SUICIDE SQUAD #20: I bought this almost entirely on Dan at Gammasquad’s recommendation, and I was not disappointed in the least. I read the first few issues of the rebooted Suicide Squad, and between the cheesecake art and the “my vagina is a clown car” joke it felt like it was a riff on 70s exploitation movies by someone who didn’t quite get why they were ridiculous.
This issue was a different beast all together (starting with Harley Quinn in pants). It was an intro issue–Ales Kot, the new writer, and Patrick Zircher, the new artist, were introducing a new member to the team, and Amanda Waller and the new team member, serial killer James Gordon Jr. took their time to break down each existing member and put the team back together. We got a good look at what makes every one of them tick, and they were all interesting takes on largely familiar characters. Zircher does a great job with the limited action, but shines when focusing on Harley, and Kot’s writing coupled with Zircher’s framing of every shot add up to a really, really creepy portrayal. I’ll definitely be hanging around for this.
STAR WARS #5: This is a remarkably busy comic following at least 3 different threads–Leia, continuing to be the ass-kicker we always secretly knew her to be; Luke still with the fleet; Vader deciding to hunt down Luke; and Han being chased by Boba Fett through the lower levels of Coruscant. Carlos D’Anda does an absolutely amazing job of drawing the variety of situations, and he keeps drawing kick-ass Star Wars tech that absolutely nobody I know has ever obsessed over for the better part of 20 years, and Brian Wood is shining the spotlight on probably the most underutilized of the major characters from the OT in Leia and showing just how amazing she can be. I’m still loving this book.
BATMAN #20: A perfectly fine issue that felt a LITTLE like wheel-spinning in advance of the big Zero Year story starting next month. Snyder skates really close to the point where comic book conventions reveal their ridiculousness, though–secret identities just exist, and shouldn’t really require a ton of justification, although his explanation for how Bruce doesn’t get discovered is only slightly more serious than “Pa Kent in a girdle.”

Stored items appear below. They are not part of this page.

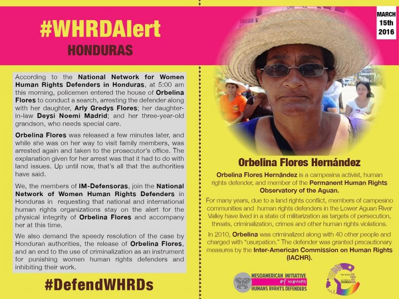 IM-Defensoras calls for the safety of WHRD Orbelina Flores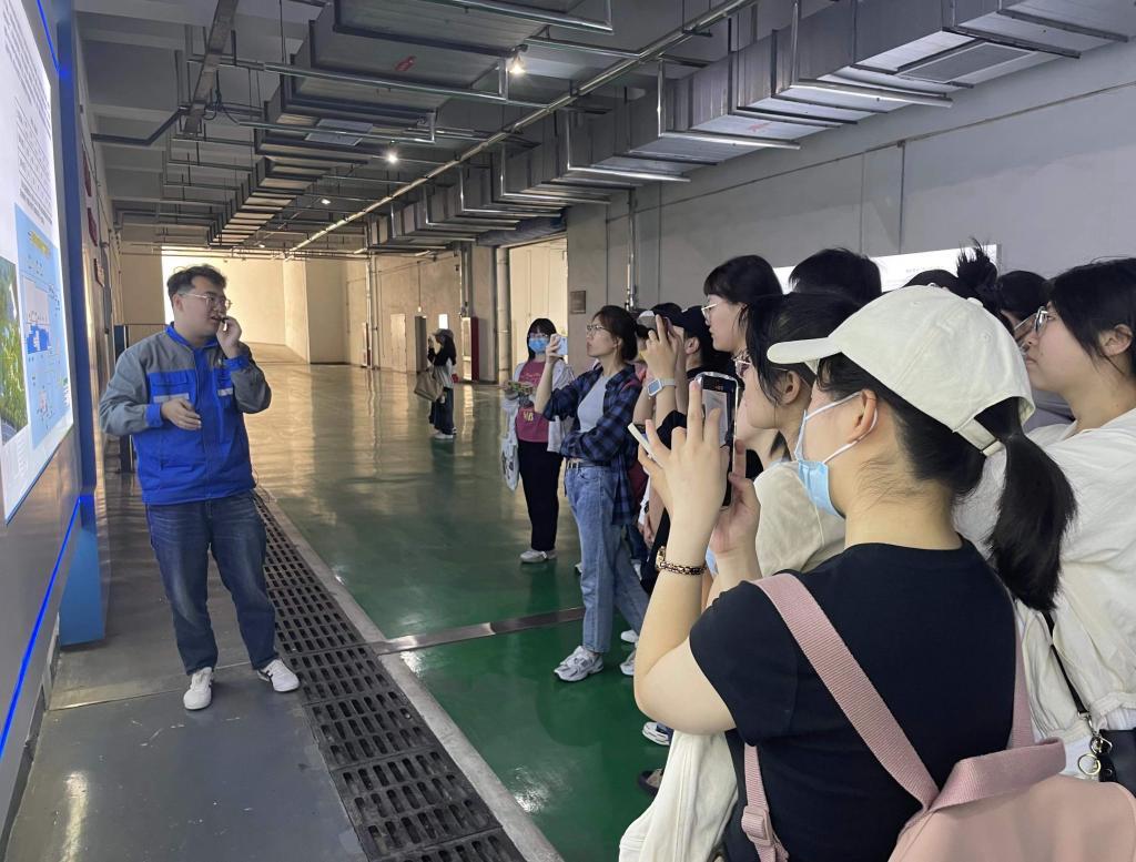 实习期间,光大水务(济南)华山厂技术人员详细介绍了污水处理的工艺流程,并带领学生参观了中控室、地下处理车间及水样展示台,讲解了膜生物反应器(MBR)、紫外线消毒池等处理设施,使同学们进一步了解污水处理的实际操作工艺技术,直观感知入水与出水的水质变化情况。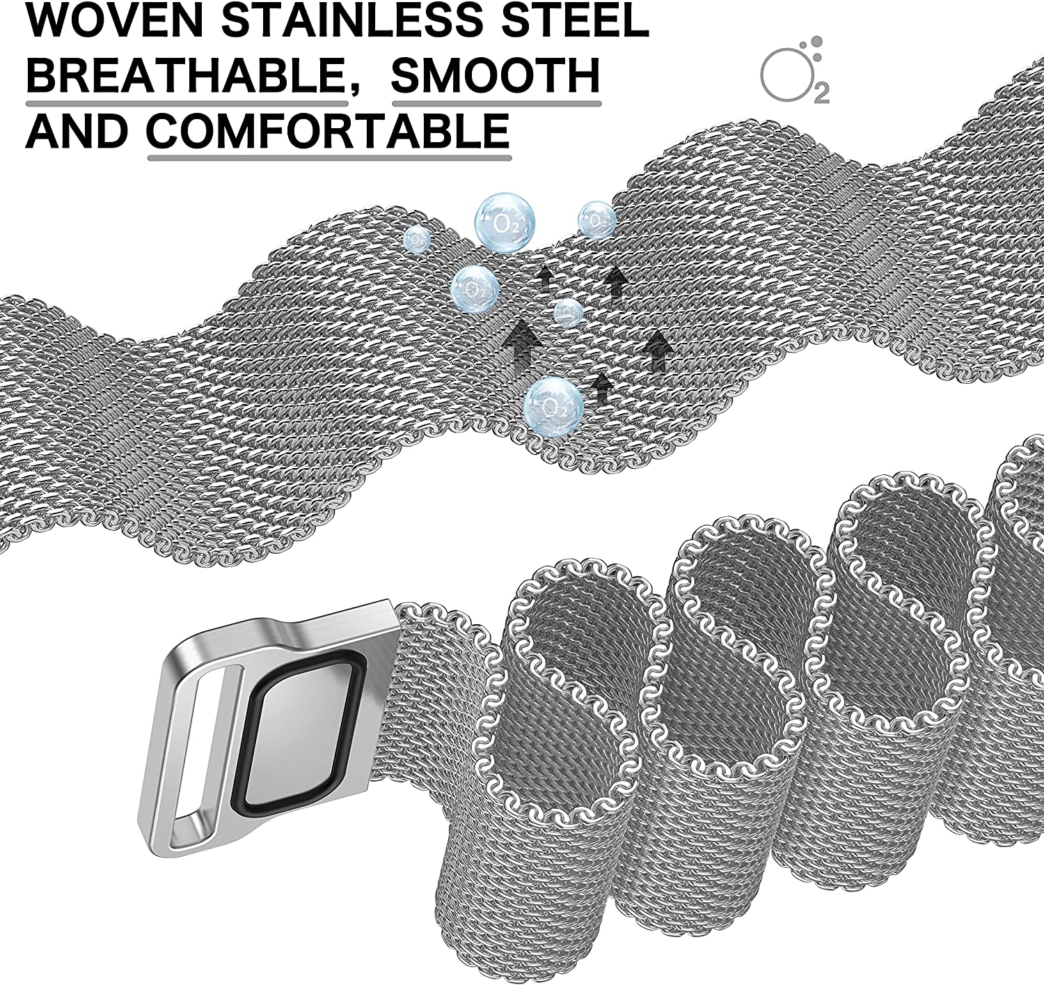 Đặc tính sản phẩm: -- Được dệt trên các máy chuyên dụng, dây đeo Milanese bằng thép không gỉ có khóa từ tính có thể điều chỉnh này sẽ giúp đồng hồ của bạn đeo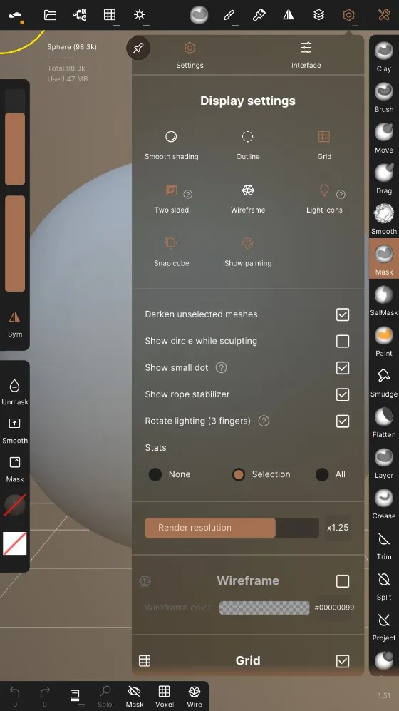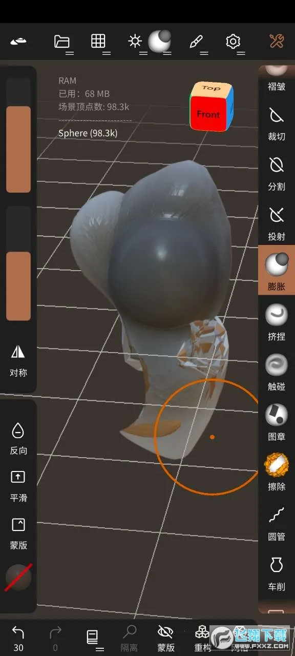 2. 工具丰富易创作:提供黏土、展平、平滑、遮罩等多种画笔工具,还有2D转3D功能,拓宽创作空间,满足各种材质需求。
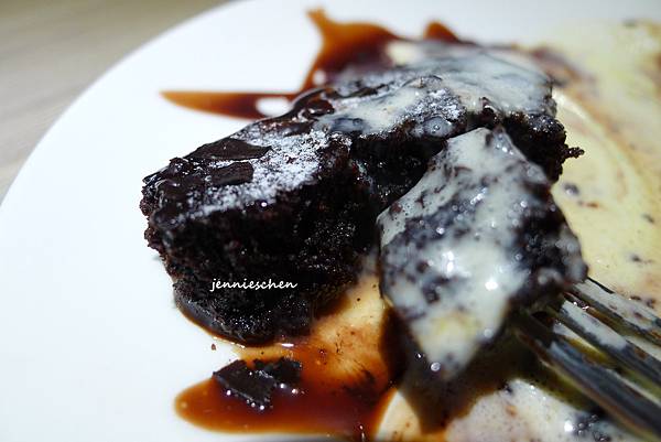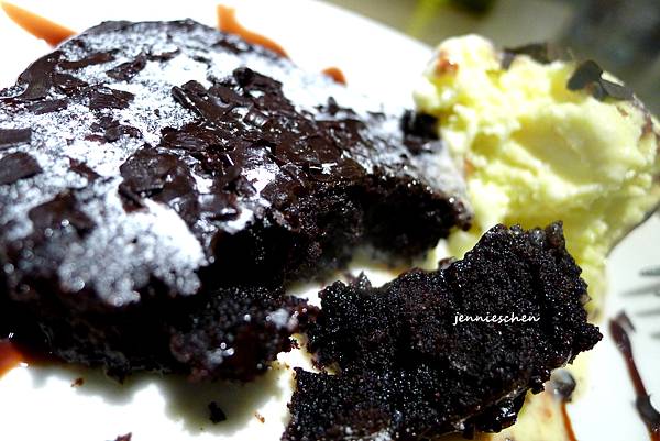 然後搭配冰冰涼涼的香草冰淇淋。巧克力的苦味大概是40%加上香濃卻不致太甜膩的冰淇淋,真的非常好吃!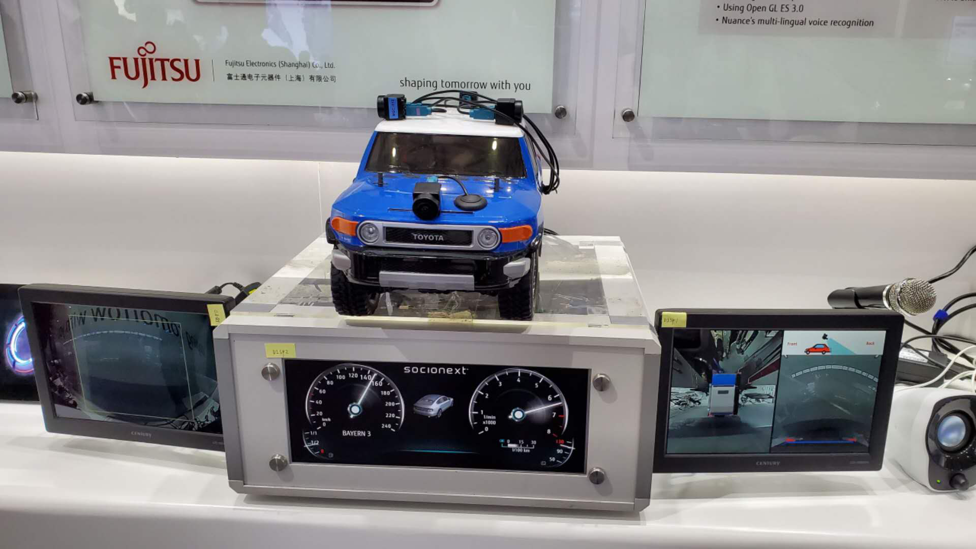 回顧汽車發(fā)展歷史,汽車儀表顯示從以往的機(jī)械式,已過(guò)渡為當(dāng)下的電子式虛擬儀表,下一步則將融合多個(gè)顯示界面、趨于統(tǒng)一化,因此對(duì)性能、可靠性等要求愈發(fā)嚴(yán)苛。過(guò)去幾年,富士通代理品牌索喜科技基于ARM雙核Cortex-A9的Triton C芯片為核心的3D全虛擬儀表解決方案已經(jīng)出貨數(shù)十萬(wàn)套,成功應(yīng)用在比亞迪以及部分日系、德系車型上。經(jīng)過(guò)多年的市場(chǎng)驗(yàn)證,索喜科技繼而推出全新升級(jí)的第四代高性能車載SoC——“Miranda”。工作人員向筆者介紹:“采用ARM Cotex-A9 Quad core 1GHz單芯片CPU、PowerVR S8XE 3D GPU,并帶有專為ADAS應(yīng)用準(zhǔn)備的VPU及H.264視頻編解碼功能,Miranda可支持高清4路1080P行車記錄儀的性能需求,且功耗較低,因此特別適合車載SoC的使用場(chǎng)景。”基于這一款SoC,系統(tǒng)設(shè)計(jì)者可輕松打造高清全液晶儀表,高清360°全景成像和ADAS輔助系統(tǒng)的三合一解決方案!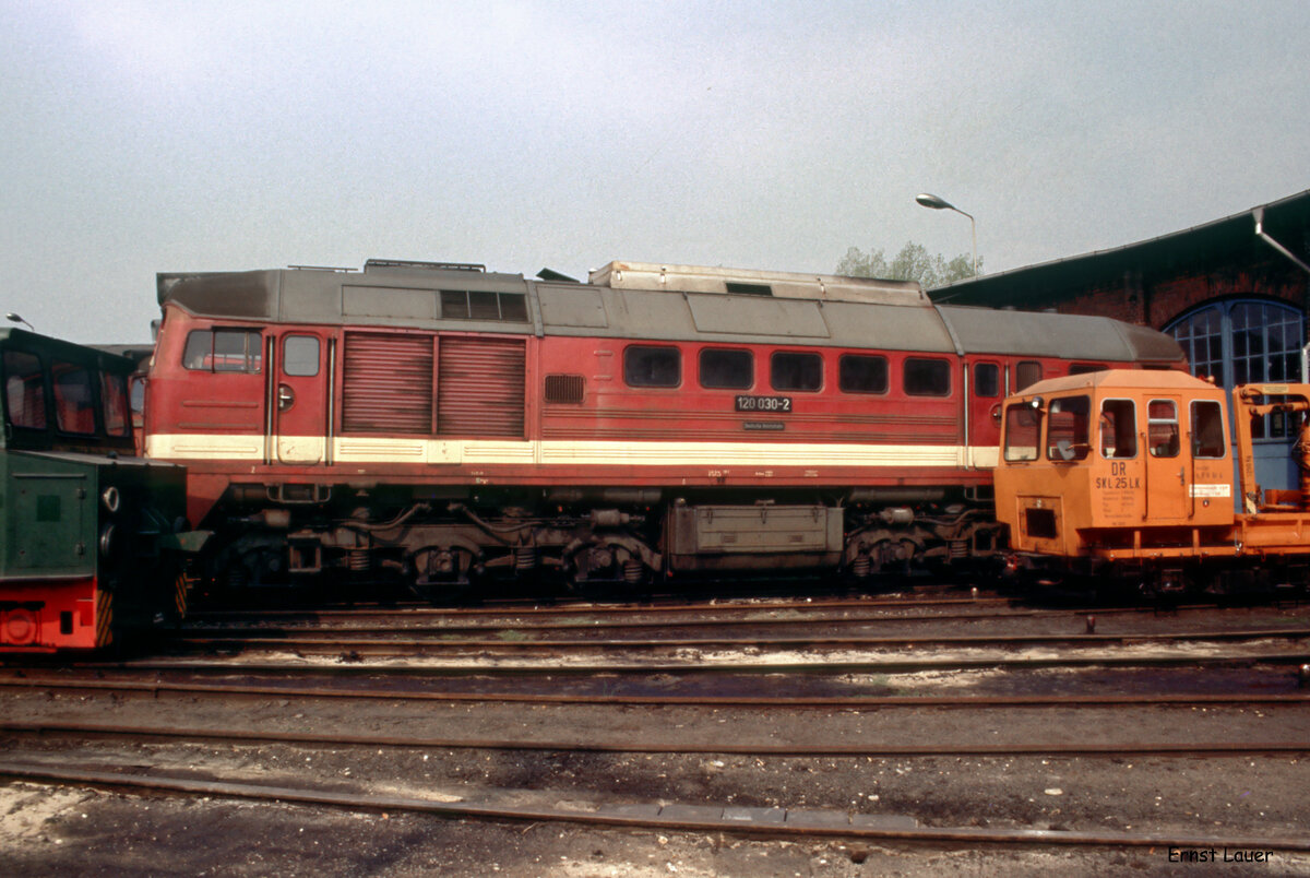 Die "Wumme" 120 255, die vor der Wende als Schiebelok in Dresden-Neustadt für die Steilrampe nach Dresden-Klotzsche eingeteilt war, kam Mitte 1988 zu Güterzugehren vor einem Zug nach Bautzen bei Dresden-Klotzsche. Rainer Haufe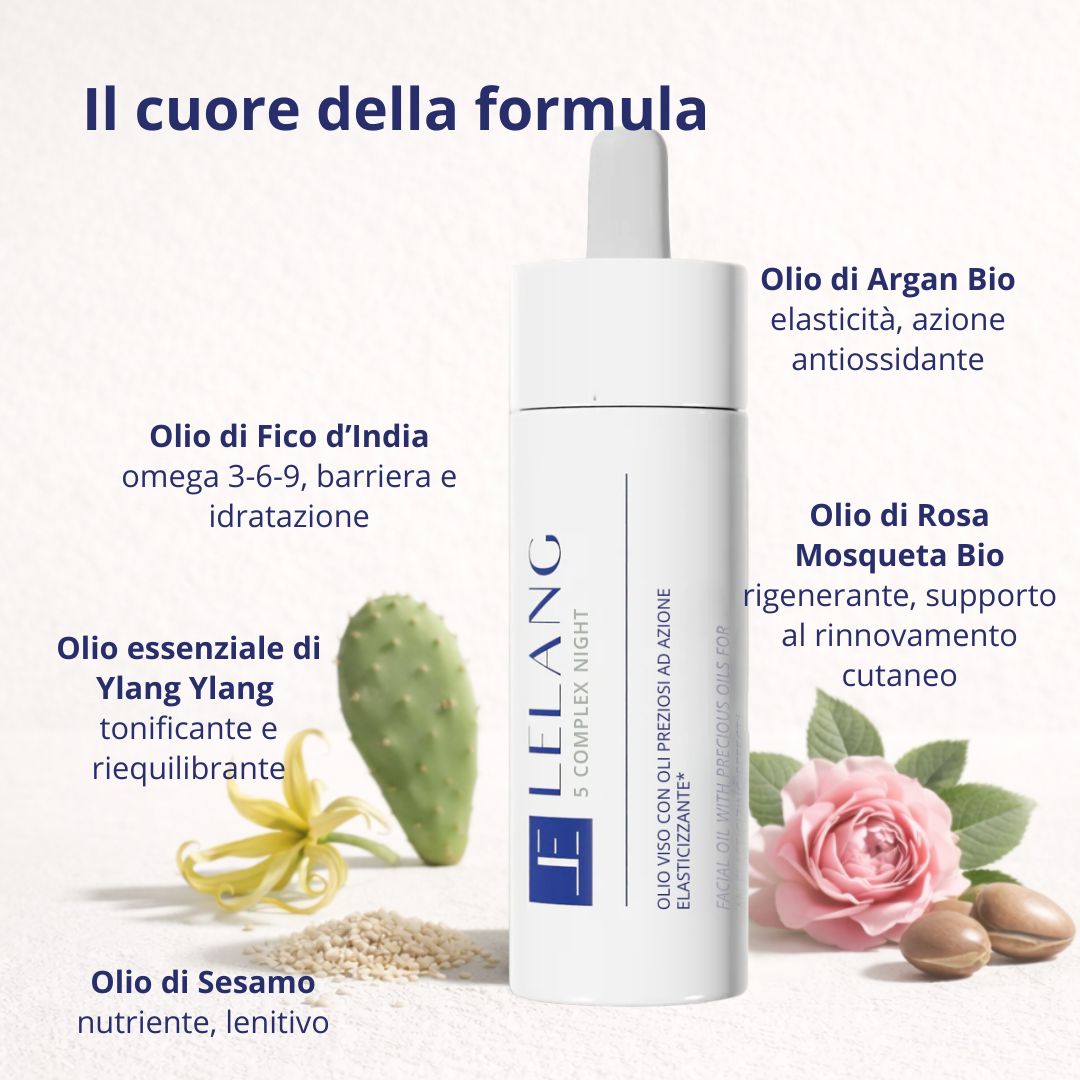 Sí, 5 Noche compleja se ha formulado seleccionando los aceites más ricos en ácidos grasos esenciales, Omega 3 6 9, Vitaminas E F, lo que lo hace adecuado para todo tipo de pieles, desde las más jóvenes hasta las más maduras, incluidas las más sensibles.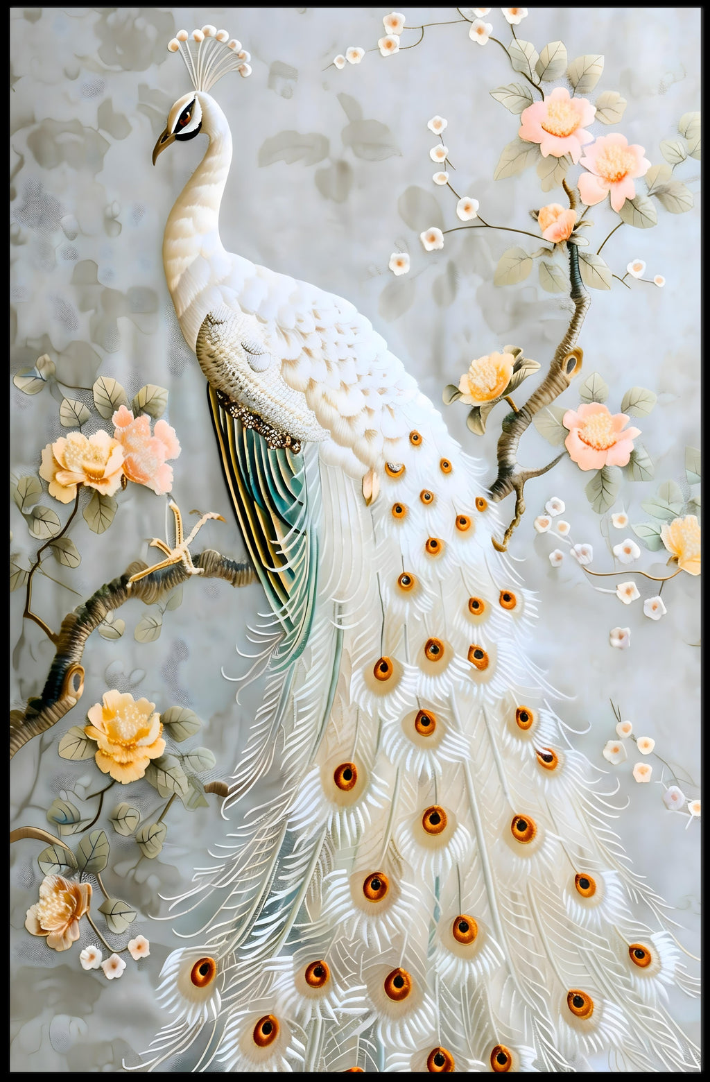 Elevate your interior with the White Peacock Elegance Cultural or Heritage Poster — a serene fusion of East Asian artistry and minimalist vintage charm. This PosterGoat original captures a majestic white peacock perched on a flowering branch, its cascading tail feathers rendered with intricate eye motifs, soft pastel florals, and subtle gold accents that bring refined depth to any wall.

BATMAN & ROBIN #20: Or “Batman & Red Hood,” the second in Tomasi and Gleason’s five stages of grief arc which is apparently Bruce being a dick to Jason. The Carrie Kelly stuff is getting to be really distracting, but it was still a solid issue because the creative team is so good at showing the breadth of Bruce’s pain. I’ll be honest, Red Hood as a character doesn’t mean anything to me, and mining his resurrection for anything is a lot like every time Marvel goes back to the One More Day well only with less me punching my
monitor comic book that I totally purchased at a store.
UBER #0: I dropped the extra dollar for the expanded edition, with some character sketches and interviews with Canaan White and Kieron Gillen, and it was worth it. What starts out as a fairly mundane “how would powers change WW2″ story, with the added context from White and Gillen reads to be more interesting take–almost a scientific look at it, set as a horror story. And I’ll be quite honest, the idea of Gillen writing angry has a great deal of appeal to me.
THUNDERBOLTS #9: Phil Noto’s art is amazing, and there are brief flashes of the Daniel Way who wrote such a great Deadpool, but this series is absolutely crawling. Charles Soule (lately of Swamp Thing fame) is “taking over” starting with issue 11, so I’m going to give him a shot, but it sounds like he’s a fill in. I’d be more confident of the book if it seemed like he was more confident of his time on it.
WONDER WOMAN #20: The slow build towards the Wonder Woman Gang’s (because again, that’s what the book should be called going forward, because this isn’t so much a book about her as it is about her weird ass Greek pantheon family) confrontation with the First Born speeds up a little as we get what’s basically a fight issue here. The editors (Chris Conroy and Matt Idelson) deserve a lot of credit here for putting together a team of artists with similar styles and abilities. Cliff Chiang is a superstar, but the book barely misses a step when Tony Akins or Goran Sudzuka (who handled some fill in pages on this issue) have to step in to assist. That’s solid work from the folks behind the scenes who work to make sure that the book succeeds.